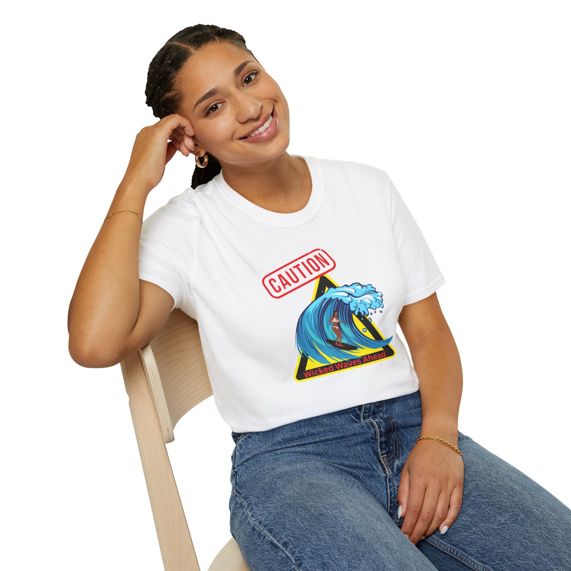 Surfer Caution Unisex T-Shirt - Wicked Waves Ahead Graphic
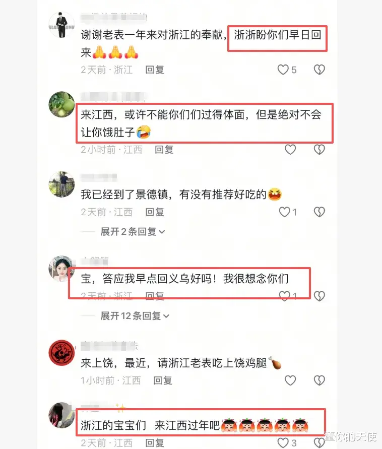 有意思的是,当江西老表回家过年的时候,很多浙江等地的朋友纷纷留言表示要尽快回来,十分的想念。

...

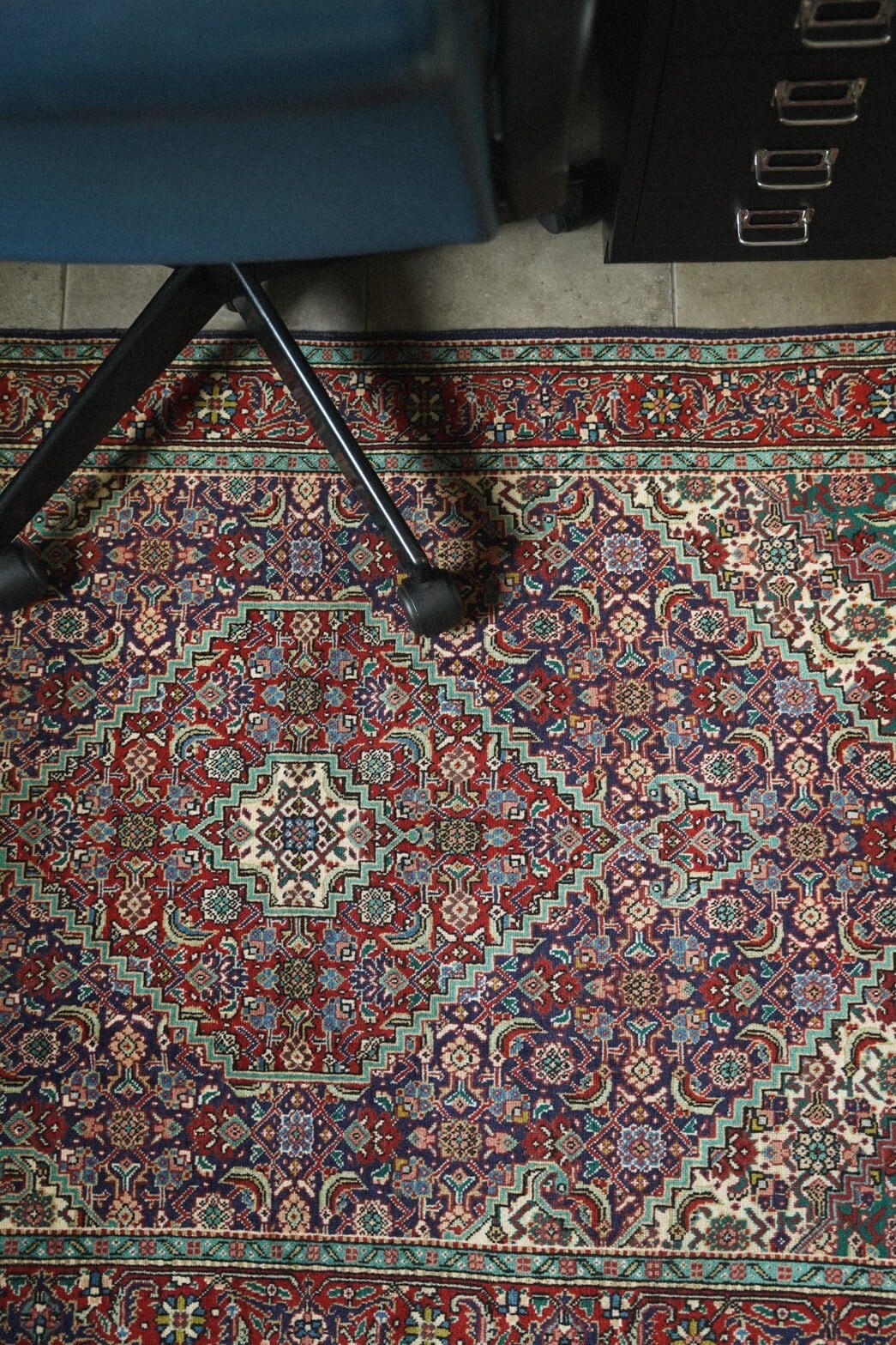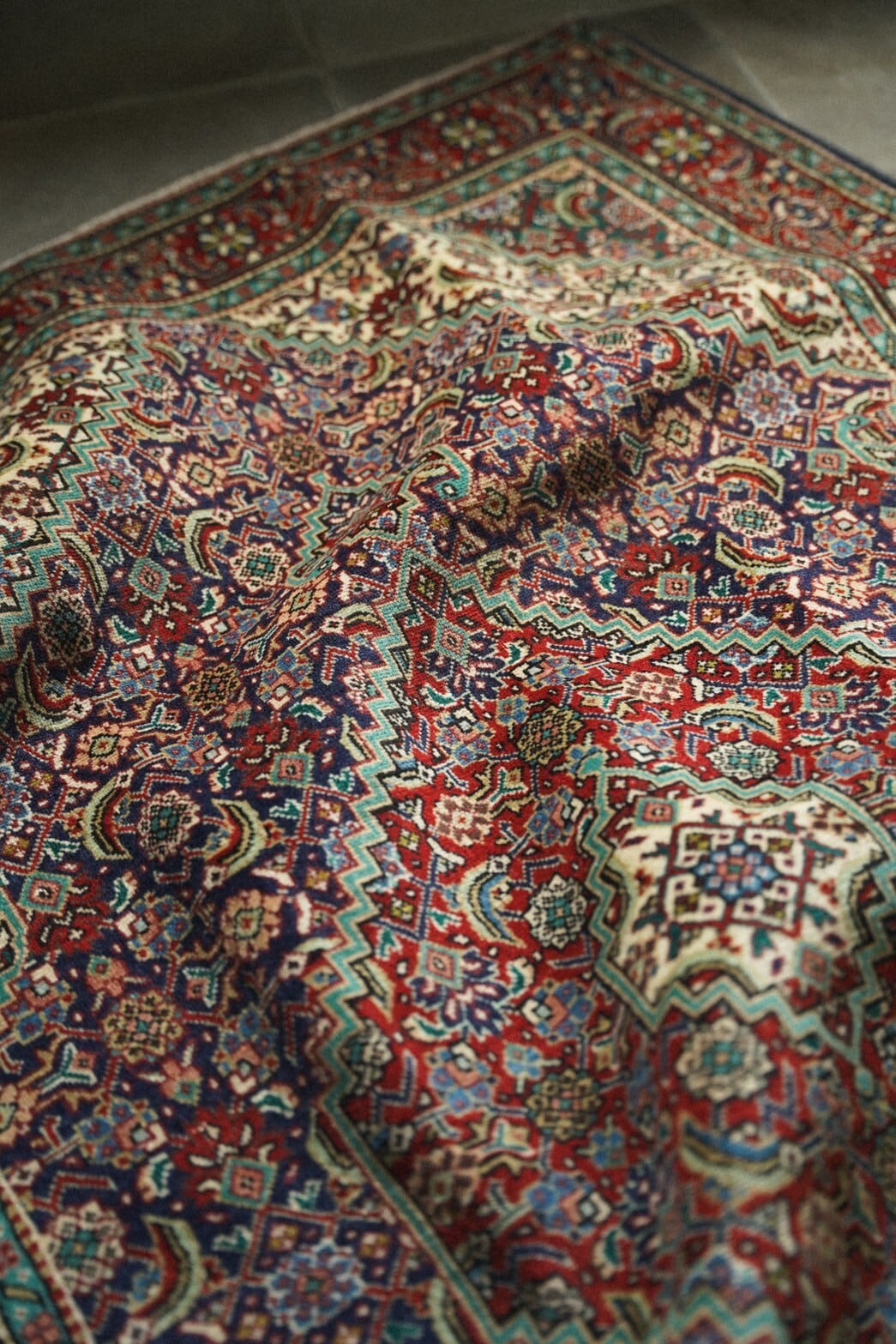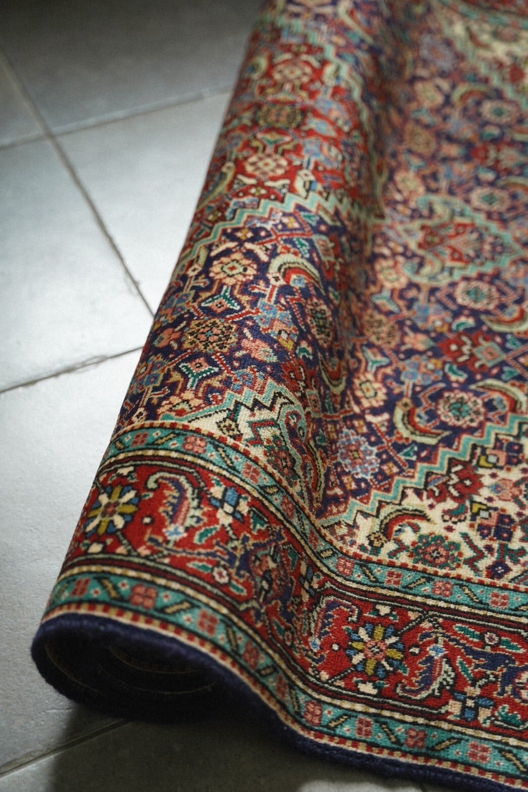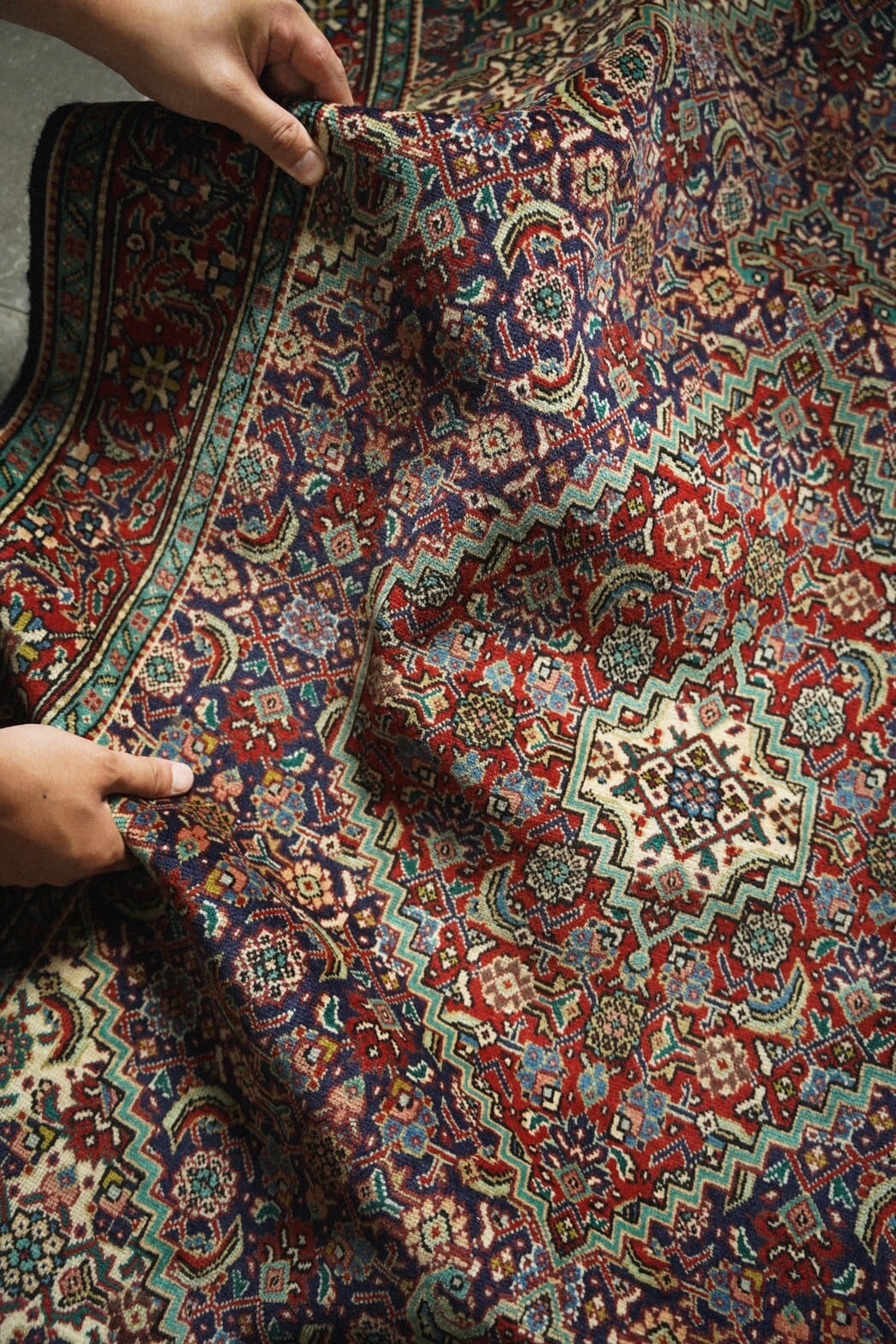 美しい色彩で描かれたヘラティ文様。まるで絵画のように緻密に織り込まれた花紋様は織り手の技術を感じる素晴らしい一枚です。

▸ EXERCISE OBJECTIVE
Above are some records; extract exactly the lines from the one containing "Surfer Caution Unisex" through the one containing "有意思的是,当江西老表回家过" and drop the pictures.

▸ ANSWER SECTION
 Surfer Caution Unisex T-Shirt - Wicked Waves Ahead Graphic
 有意思的是,当江西老表回家过年的时候,很多浙江等地的朋友纷纷留言表示要尽快回来,十分的想念。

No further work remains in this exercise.